WARNING: clear mac address-table dynamic flushes all dynamically learned MAC entries on the switch. This causes temporary unicast flooding on all VLANs until entries are relearned. Run it only during a planned maintenance window or active failover. The same applies to clearing ARP (clear ip arp) on Cisco platforms.
Tradeoff: clearing the MAC table disrupts traffic briefly while entries are relearned. Use only during planned failover windows.
Patch or upgrade OVS if static entries block aging
Prior to a fix merged in late 2022 (commit ccc24fc88d59), OVS had a bug where the presence of static FDB entries prevented learned dynamic entries from aging out normally. If you are running an older OVS version and mixing static and dynamic FDB entries, upgrade.
Enable port-security to limit per-port MAC count
Port-security limits the number of MAC addresses learned per port, preventing stale or rogue entries from accumulating. Its absence is itself a finding.
Tradeoff: too-low limits disrupt legitimate virtualization hosts with many VM MACs. Tune per port class.
Prevention
- Compute FDB/ARP freshness from polling deltas. Standard MIBs do not expose “time since last refresh.” You must derive it by tracking when entries appear and disappear across poll cycles. Flag entries with no refresh in 3 to 4 times the aging interval as stale.
- Track topology inference confidence per endpoint. Do not rely on aggregate confidence. Per-endpoint confidence tells you which specific endpoints have unreliable positioning. Endpoints behind wireless APs and VMs with MAC mobility often have persistently low confidence.
- Cross-validate topology sources.

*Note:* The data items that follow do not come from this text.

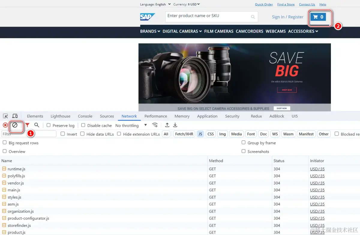 我们首先点击 Clear 图标清除已经捕捉的 Network 请求,然后点击购物车图标,进入购物车页面:
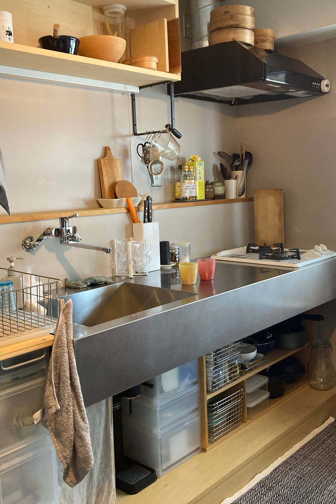 交換したキッチン。古いアパートでもスタイリッシュなステンレスのキッチンがよく似合っている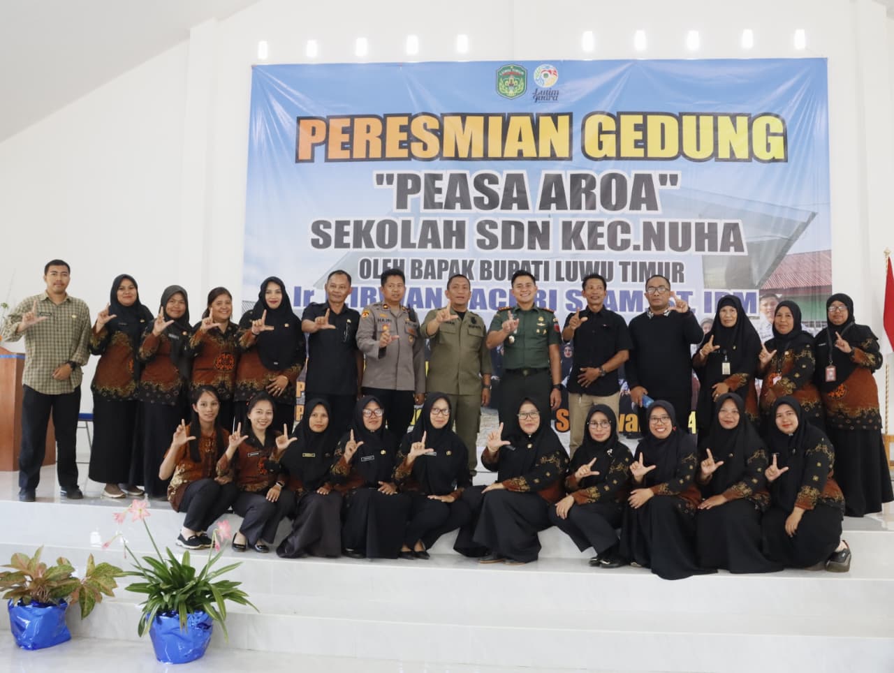 NUHA,FAKJUR-Bupati Luwu Timur, Irwan Bachri Syam meresmikan Gedung Peasa Aroa, merupakan fasilitas bersama yang akan digunakan oleh tiga sekolah, yakni UPT SDN 247 Sorowako, UPT SDN 252 Nikkel, dan UPT 256 Dongi, di Kecamatan Nuha, Kamis (04/12/2025).

Compare CDP/LLDP neighbor data against FDB and ARP. When three sources agree, confidence is high. When one source disagrees, investigate. Persistent inconsistency across sources for more than 24 hours indicates a stale-data problem.
- Monitor endpoint positioning orphan rate. Track the percentage of MAC addresses the topology engine cannot resolve to a physical switch port. A rising orphan rate after network changes indicates systematic positioning failure.

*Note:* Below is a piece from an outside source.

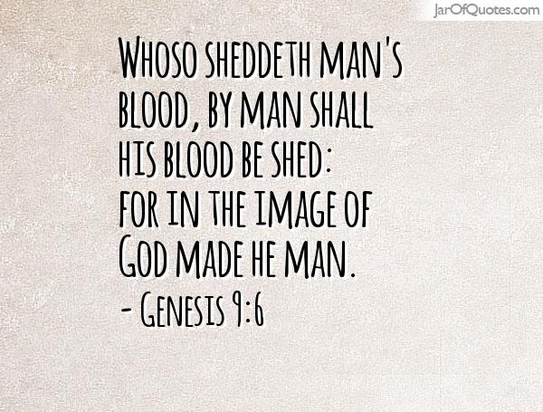 Whoso sheddeth man’s blood, by man shall his blood be shed: for in the image of God made he man.

- Align aging timers across the L2 domain. Ensure MAC aging and ARP timeout are configured consistently across switches in the same broadcast domain. Mismatched timers between adjacent switches cause asymmetric staleness.

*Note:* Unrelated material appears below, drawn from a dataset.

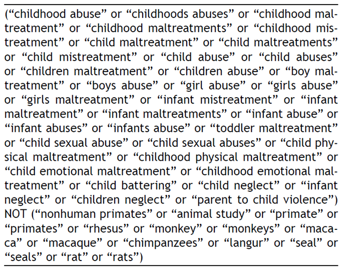 La cadena de búsqueda empleada para la recolección de datos (Tabla 1) fue construida sobre la base de un proceso iterativo que integró los términos utilizados en estudios anteriores (Behl et al., 2003; Tran et al., 2018) y la revisión de la primera página de los documentos para asegurar su pertinencia, según los planteamientos de Ho et al. (2022). Se utilizaron comillas y los operadores booleanos or y not al realizar la búsqueda de artículos por tema, incluyendo el título, el resumen, las palabras clave del autor (KWA) y KeyWords Plus. Estas últimas proveen términos de búsqueda adicionales extraídos de los títulos de los artículos citados por los autores, aumentando sustancialmente la indexación por palabras de título y de autor (Garfield, 1990). Primero, se combinó la población de estudio en plural y singular; y el tipo de maltrato, o subtipo de maltrato sufrido. En segundo lugar, se excluyeron los términos tras analizar manualmente los documentos. Por último, se delimitó el análisis a los 30 años recientes (1991-2020), resguardando que el Journal Citation Report (JCR) ofreciera el Factor de Impacto de las revistas del 2020 (IF2020), en la fecha de descarga (Ho et al., 2022).

- Verify aging is not disabled. On Linux bridges,
ageing_timeof 0 disables aging entirely. Entries never expire. Check this on every bridge in production.
How Netdata helps
- Correlate FDB entry count with STP topology changes. Collect
dot1dStpTopChangesand FDB entry count via SNMP in the same dashboard. A spike in topology changes followed by FDB churn is the signature of forced MAC relearning. - Alert on FDB capacity thresholds. Set alarms on FDB entry count approaching platform limits to catch table exhaustion before it causes eviction and flooding.
- Track ARP cache size alongside FDB size. Divergence between ARP entry count and FDB entry count is the core symptom of aging timer asymmetry. Collect both via SNMP and alert when the gap grows.